Buttazoni committed the three to trial for first-degree murder on the basis of the evidence the Crown presented, as well as addressing the confinement issue in regard to that charge.
If the case had gone to trial and the three had been convicted of first-degree murder, they would have had to serve a minimum 25 years before becoming eligible for parole; if they had been convicted of second-degree murder, they would have had to serve a minimum 10 years, more at the discretion of the judge.
Upon their eventual release on either charge they would be placed on parole for the rest of their natural lives, something that is not the case when having completed a sentence for manslaughter.

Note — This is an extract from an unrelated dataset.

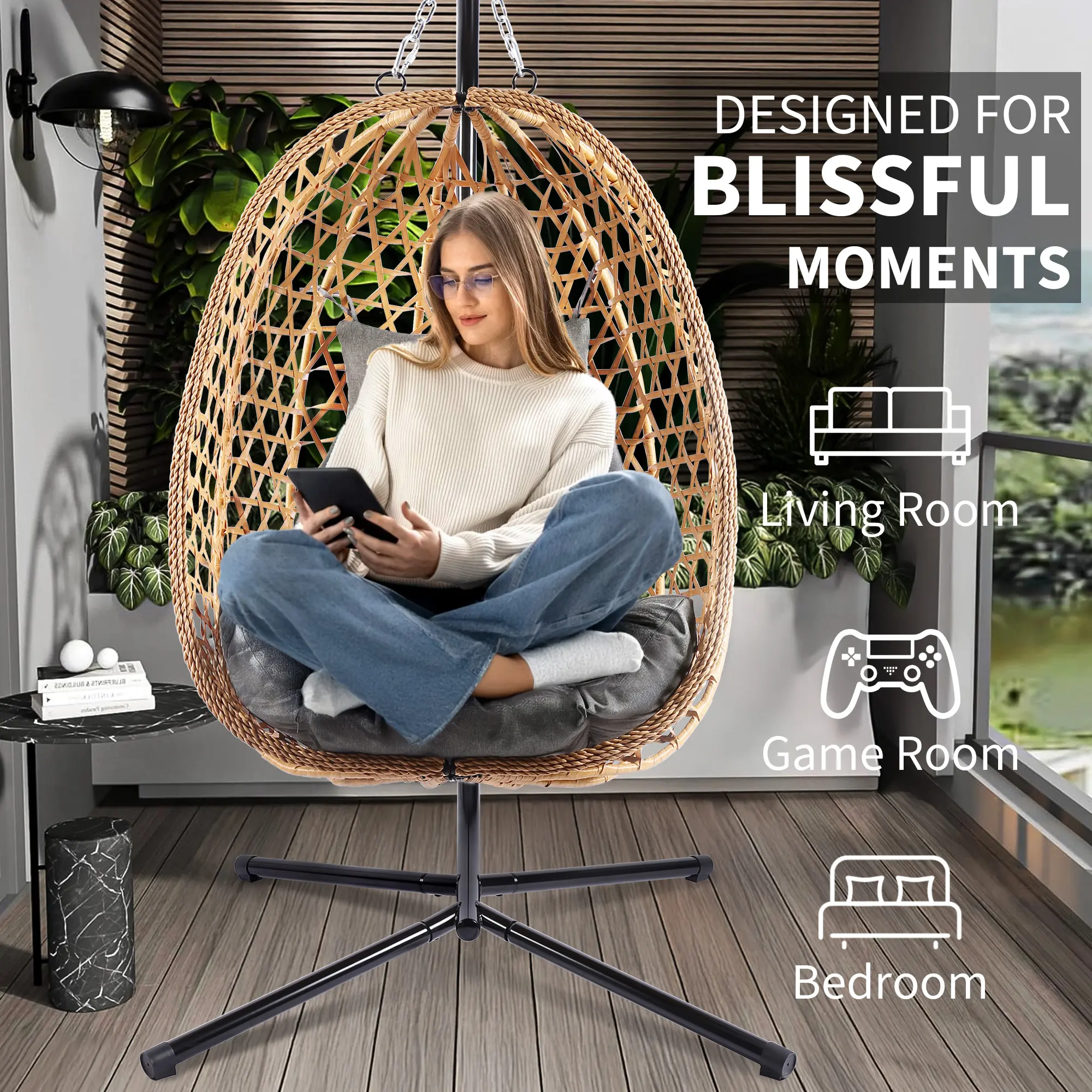 ·Exceptional Comfort & Ergonomic Design Sink into relaxation with our boho-inspired egg swing chair, designed for ultimate comfort. The ergonomic shape cradles your body naturally, while the plush, thickened cushion provides superior support for hours of lounging without fatigue. Whether reading, napping, or simply unwinding, this chair offers a serene escape.

The chief made no secret that he was not in favour of the plea bargain.
He said in a formal statement after it was announced that “we, as a Police Service, are as disappointed with today’s outcome as is the Hallam family.”
And the Canadian Press reported the chief as saying his force only found out about the plea deal after officers who were escorting the accused to and from their court appearances overheard them discussing it.
“We were hearing these rumours and we were asking the Crown if there was a resolution in the works and we were told there was no deal,” Keetch said.
After repeated questioning, Keetch said, the Crown’s regional office finally admitted that Mitchell, Mearow and Jocko would plead to lesser charges. Keetch said he was told the plea deal was first suggested after prosecutors from outside the area were asked to weigh in on the case.
He said he was going to meet with the provincial Attorney General’s office to discuss why his lead investigators were shut out of the negotiations and why prosecutors denied a deal was in the works.
“We’ll live with the decision, but I want to see the process change for the future so the circumstances that led up to the resolution to this case doesn’t happen again,” Keetch said. “I’m looking to effect policy and/or procedural change.”
He told me he didn’t have much of an update regarding his suggestion regarding a ‘third party independent review.’
“I am awaiting an opportunity to meet with the Assistant Deputy Minister (James Cornish) from the Ministry of the Attorney General,” he said.
“I emailed him as a follow-up to his offer to meet and was reassured that he is presently reviewing the circumstances regarding the Hallam plea arrangement and that he still intended to meet with myself and the Commissioner of the OPP.”
The Canadian Press story also said the chief had taken issue with the agreed statement of facts that was read when the plea deal was presented to McMillan.
“There is significant differences in the sense of the evidence we gathered and what was presented in court,” he said, but would not comment further.
I think the worry for many is that these three will be walking the streets of this city within two years, possibly with some payback in mind for those who courageously took the witness stand in the preliminary hearing.
The Mearow family, especially his sister, Chieanne Ainslie, as reported by Steffanie Petroni, editor of this site, want him to remain in rather than get out.
They recognize the danger he represents; it is too bad the Crown didn’t.